Julian Echave
The mutenm package builds Elastic Network Models (ENMs) of proteins
and simulates mutation effects using linear response theory.
# install.packages("devtools")
devtools::install_github("jechave/mutenm")An Elastic Network Model represents a protein as a network of nodes (typically Cα atoms) connected by harmonic springs. The model captures the protein’s intrinsic flexibility through normal mode analysis.
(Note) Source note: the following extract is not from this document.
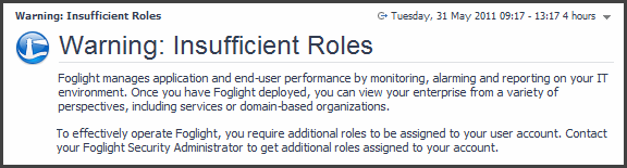 If you are a user with an assigned role or role combination that does not provide sufficient privileges to do anything useful in Foglight, a warning page appears.
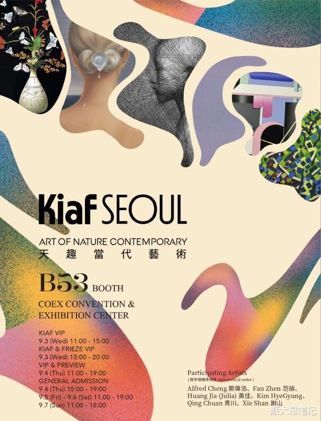 KIAF SEOUL 2025■ 天趣当代艺术展位:B53■ Kiaf VIP 预览:9.3(周三)11:00 - 20:00■ Frieze VIP 预览:9.3(周三) 15:00 - 20:00■ VIP & Preview:9.4(周四) 11:00 - 19:00■ 公众开放:9.4(周四) 15:00 - 19:009.5 - 9.6(周五至周六) 11:00 - 19:009.7(周日) 11:00 - 18:00■参展艺术家:Alfred Cheng、范祯、黄佳、Kim HyeGyung、青川、谢山(以姓名首字母排序)■ 展览地址:韩国COEX首尔会议中心

Mutations are modeled as perturbations to the equilibrium lengths of springs connected to the mutated site. The structural response is calculated using linear response theory:
δr = C × f
where C is the covariance matrix and f is the force from edge
perturbations.
| Function | Description |
|---|---|
enm() |
Build an ENM from a PDB structure |
mutenm() |
Simulate a mutation at a specific site |
mrs() |
Mutation Response Scanning — scan all sites |
plot_mrs() |
Visualize MRS results |
library(mutenm)pdb <- bio3d::read.pdb(system.file("extdata", "2acy.pdb", package = "mutenm"))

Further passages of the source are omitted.